# PROBLEM STATEMENT
Copy, word for word, the lines of the listing below from the line with "며칠 후 홈플러스에서 삼겹살을 사서 먹었습니다." up to and including the line with "La arquitectura de". Drop the pictures.

# STUDY MATERIAL
════════

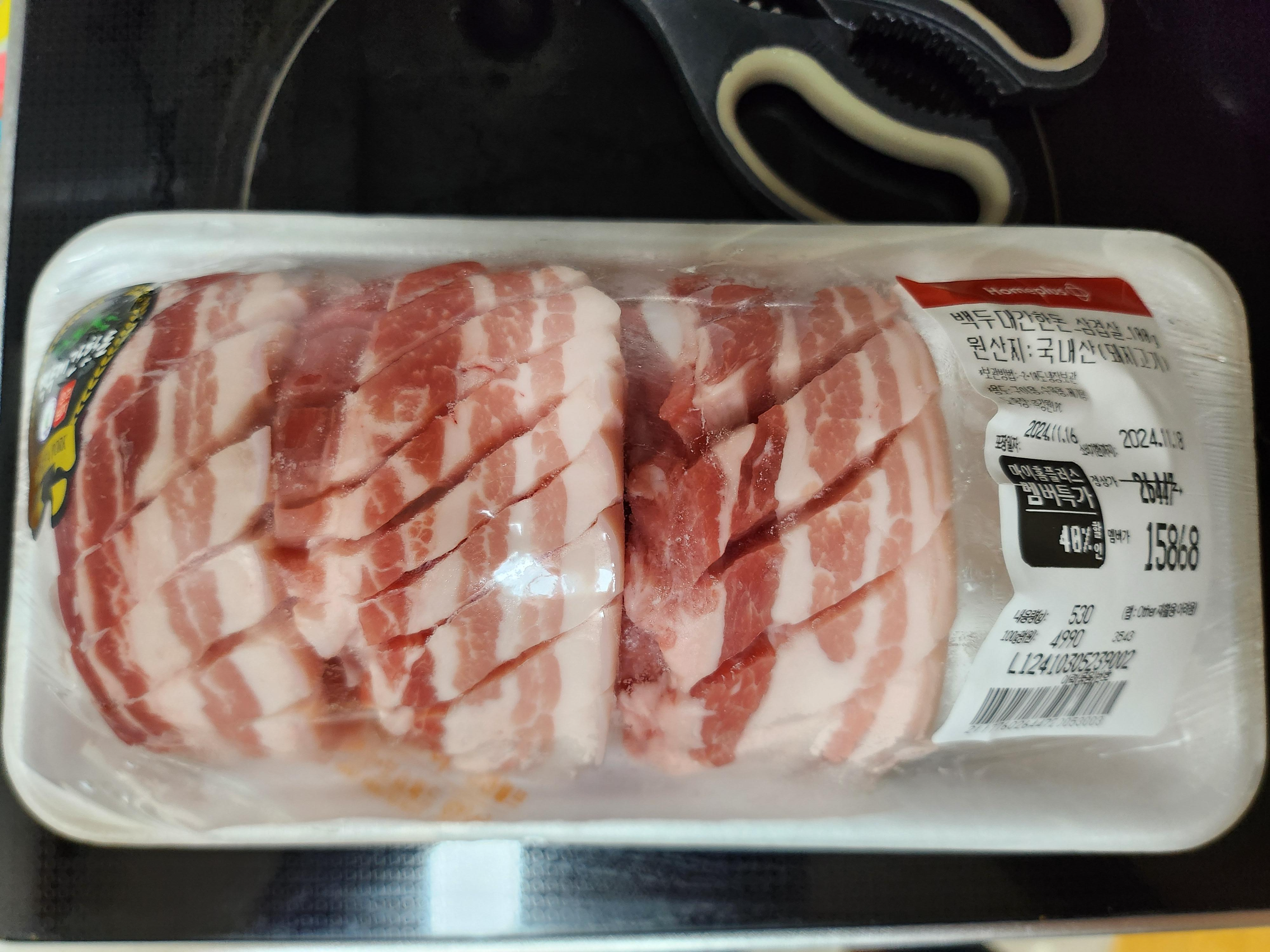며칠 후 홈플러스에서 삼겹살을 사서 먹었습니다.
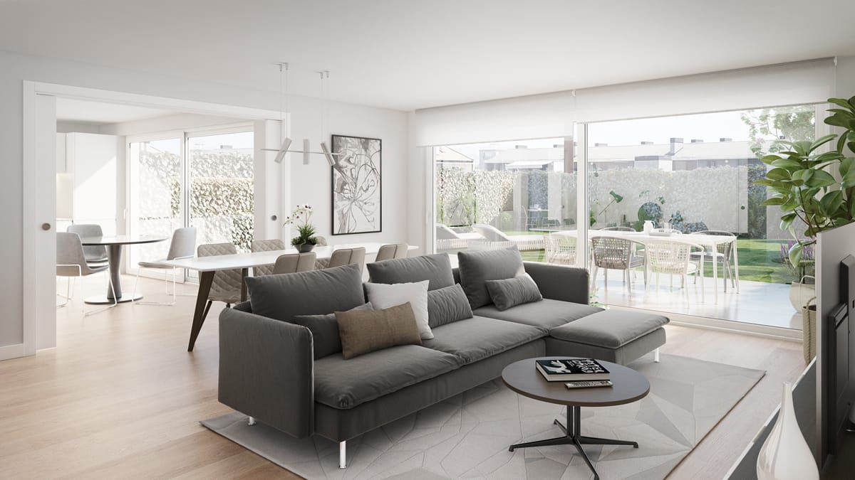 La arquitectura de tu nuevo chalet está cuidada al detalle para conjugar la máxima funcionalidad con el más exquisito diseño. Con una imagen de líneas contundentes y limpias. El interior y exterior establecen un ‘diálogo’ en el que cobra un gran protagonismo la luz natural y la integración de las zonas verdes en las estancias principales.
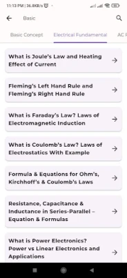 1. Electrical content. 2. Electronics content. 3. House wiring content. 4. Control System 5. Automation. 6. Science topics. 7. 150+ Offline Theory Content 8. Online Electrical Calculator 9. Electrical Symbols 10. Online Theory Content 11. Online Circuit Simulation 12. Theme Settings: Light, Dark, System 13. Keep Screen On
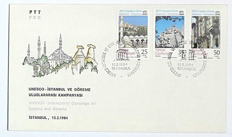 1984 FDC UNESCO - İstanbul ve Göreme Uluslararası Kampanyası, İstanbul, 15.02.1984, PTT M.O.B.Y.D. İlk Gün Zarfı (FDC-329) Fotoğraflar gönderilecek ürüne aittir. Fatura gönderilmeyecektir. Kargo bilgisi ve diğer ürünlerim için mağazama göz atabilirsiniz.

════════

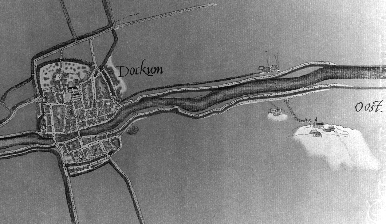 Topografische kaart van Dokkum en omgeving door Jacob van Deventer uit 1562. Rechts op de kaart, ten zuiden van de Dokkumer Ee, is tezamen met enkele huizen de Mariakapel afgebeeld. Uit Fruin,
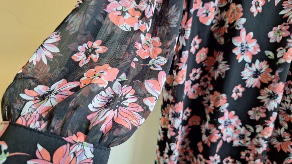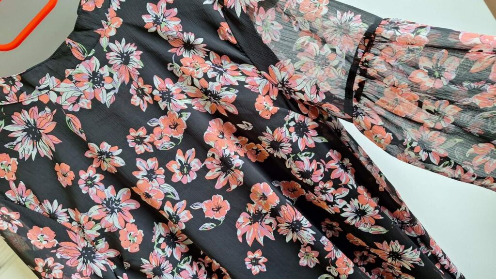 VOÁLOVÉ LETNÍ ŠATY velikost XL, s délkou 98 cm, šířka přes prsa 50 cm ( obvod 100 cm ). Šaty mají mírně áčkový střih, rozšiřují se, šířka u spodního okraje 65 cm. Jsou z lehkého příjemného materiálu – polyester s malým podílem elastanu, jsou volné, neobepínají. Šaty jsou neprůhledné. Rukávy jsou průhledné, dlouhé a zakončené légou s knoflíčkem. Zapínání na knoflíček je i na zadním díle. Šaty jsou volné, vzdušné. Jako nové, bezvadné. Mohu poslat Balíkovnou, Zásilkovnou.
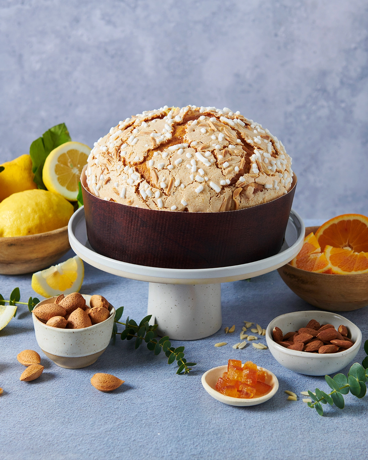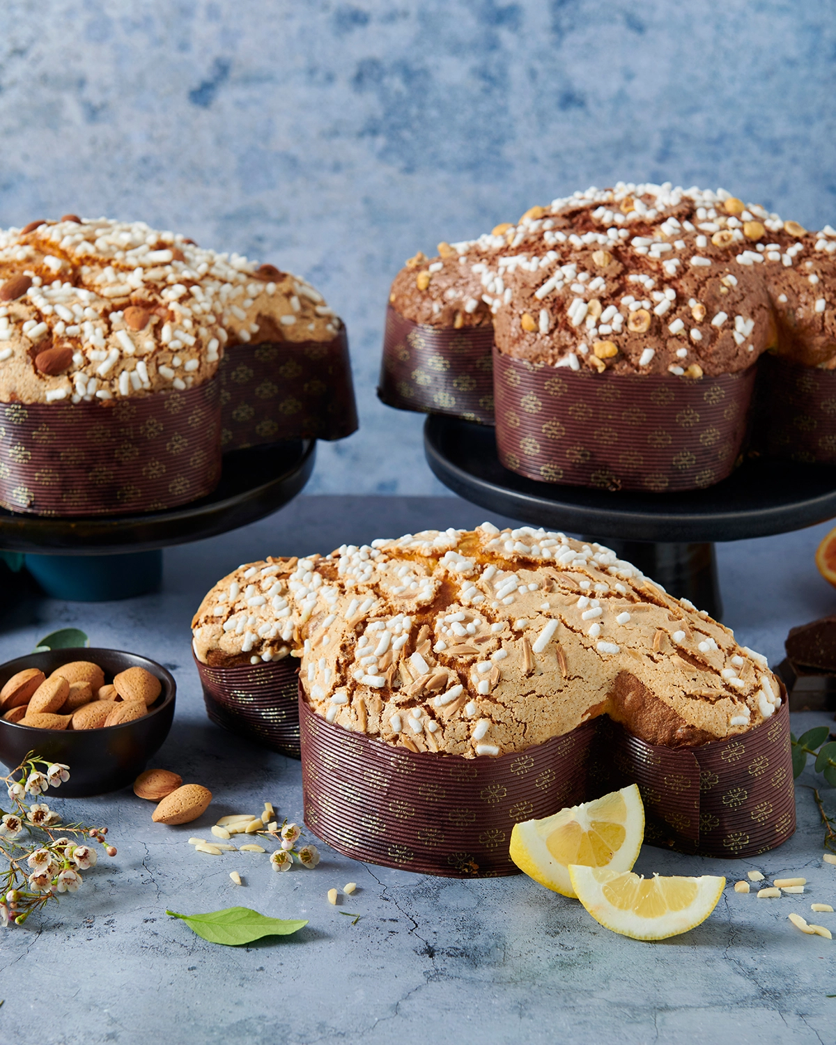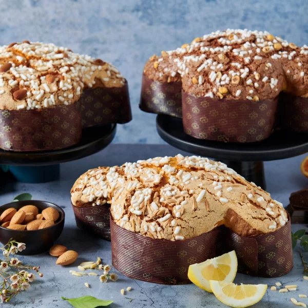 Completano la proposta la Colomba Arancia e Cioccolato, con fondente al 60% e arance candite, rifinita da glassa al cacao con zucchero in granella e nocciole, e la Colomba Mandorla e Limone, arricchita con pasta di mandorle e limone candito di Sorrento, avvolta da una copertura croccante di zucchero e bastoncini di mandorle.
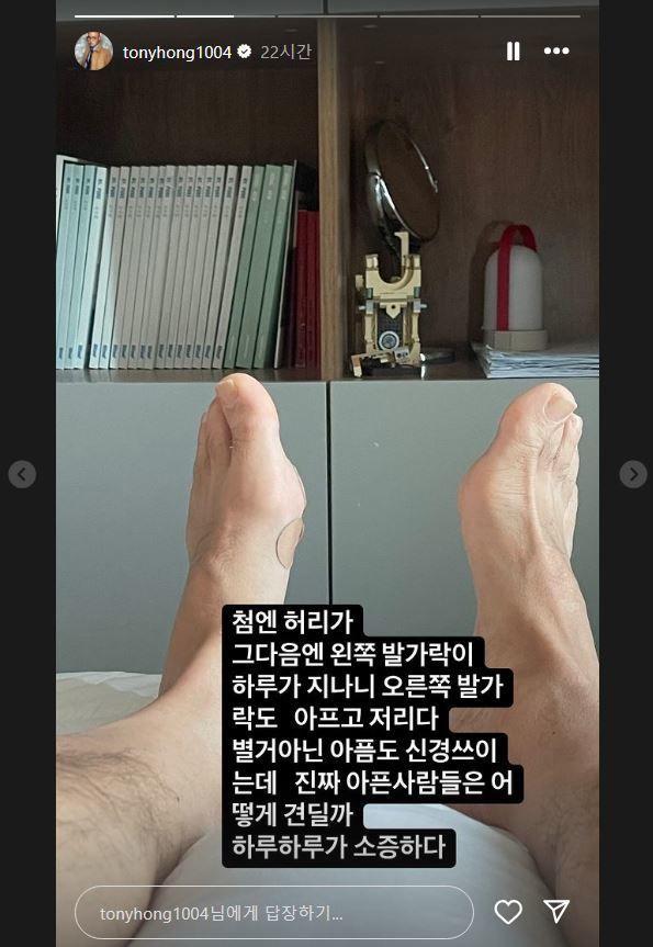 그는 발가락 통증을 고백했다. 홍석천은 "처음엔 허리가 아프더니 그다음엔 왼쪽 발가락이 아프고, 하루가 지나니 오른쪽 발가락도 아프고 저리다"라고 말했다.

════════

# WRITTEN SOLUTION
며칠 후 홈플러스에서 삼겹살을 사서 먹었습니다.
 La arquitectura de tu nuevo chalet está cuidada al detalle para conjugar la máxima funcionalidad con el más exquisito diseño. Con una imagen de líneas contundentes y limpias. El interior y exterior establecen un ‘diálogo’ en el que cobra un gran protagonismo la luz natural y la integración de las zonas verdes en las estancias principales.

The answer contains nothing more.